Book review: Bringing up Bébé

A few weeks ago, we heard an NPR interview with Pamela Druckerman, the author of Bringing Up Bébé: One American Mother Discovers the Wisdom of French Parenting.

We liked what we heard, and Matthew and I both requested the book at the [city] library the next day.  However, our positions in the hold queue made me wonder if we’d actually get a chance to read the book before Sir headed off to college.

Fortunately, Matthew also requested the book from the county library, which had many more copies, and we had the book in our hot little hands a few weeks later.  (We’re still waiting in the city library queue.)

Unlike traditional parenting books, Druckerman’s writing is witty and entertaining, part personal tale, part ethnography of French parenting, and part practical ideas to try in your own family.

Like the advice in most baby/parenting books we’ve read, we’ll take some and leave some (notably, leave the negative perception and infrequent practice of  breastfeeding in France).  The book offered reinforcement for many practices we’re already trying to implement.

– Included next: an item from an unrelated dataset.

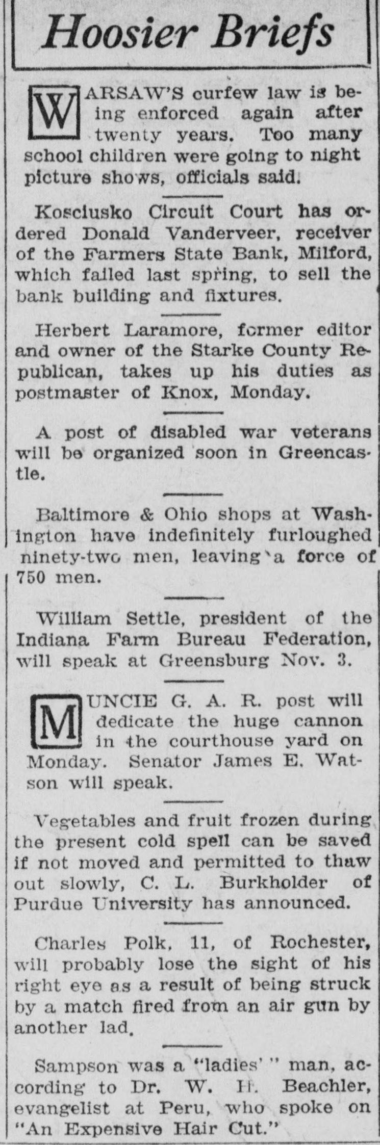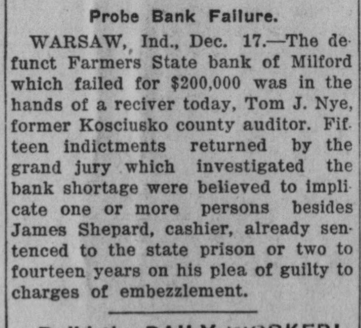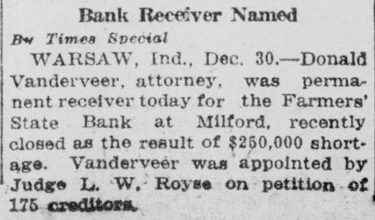 D. S. Vanderveer, receiver of the Farmers' State Bank of Milford, has filed a report with the Warsaw Circuit Court here, showing claims amounting to $322,135.74, and a distribution of 18 per cent or $58,834.58. It is now evident that creditors will receive less than 20 per cent.
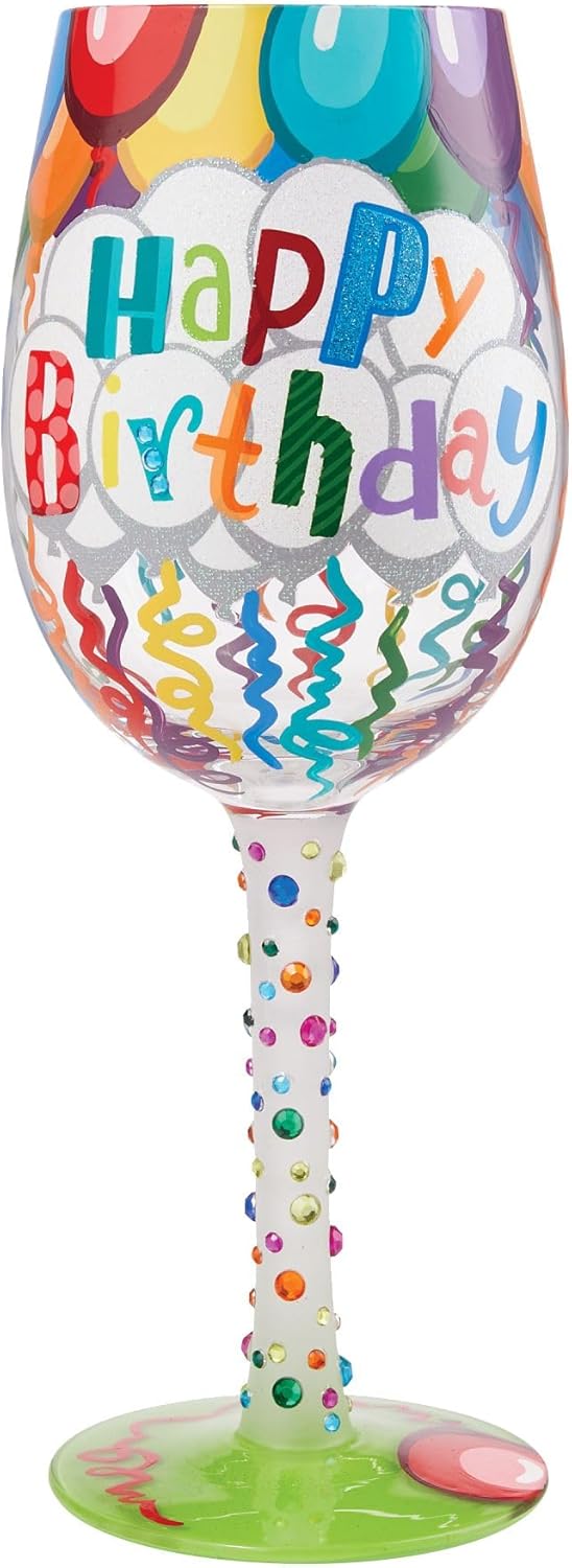 Feiern Sie Ihren Geburtstag mit diesem farbenfrohen und festlichen Lolita Weinglas. Dieses handbemalte Glas ist mit bunten Luftballons verziert und perfekt geeignet, um den besonderen Tag stilvoll zu begehen. • Handgefertigt & kunstvoll bemalt mit bunten Ballons und lebendigen Farben • Füllmenge: 15oz (ca. 444 ml) • Inklusive einer schönen Geschenkverpackung – ideal für Geburtstagsgeschenke • Nicht spülmaschinengeeignet – Handwäsche empfohlen • Geliefert mit einem Weincocktailrezept auf dem Boden der Box Verleihen Sie Ihrem Geburtstag oder einem anderen festlichen Anlass das gewisse Etwas und stoßen Sie mit diesem fröhlich verzierten Glas auf ein weiteres Jahr voller Freude und Erlebnisse an

Things to incorporate (or continue):

  • Waiting — teaching patience; we will respond to your needs, but not always immediately
  • Independent play
  • Introducing a wide variety of [healthy] food
  • Setting clear boundaries and enforcing them firmly and consistently, while giving room to explore and grow within that framework
  • Maintaining our identity as adults, with our own interests and needs

Overall, Bringing Up Bébé left me contemplating a move to France, with its crèches and state-run preschools, approach to introducing food (and the importance they place on good food), and practice of integrating children into the family and society (from infancy), rather than the family’s life revolving around the child.

2 Comments

  1. Nupur says:

    Thanks for the review- I wanted to read this book and it sounds like you distilled the good take home points in this post.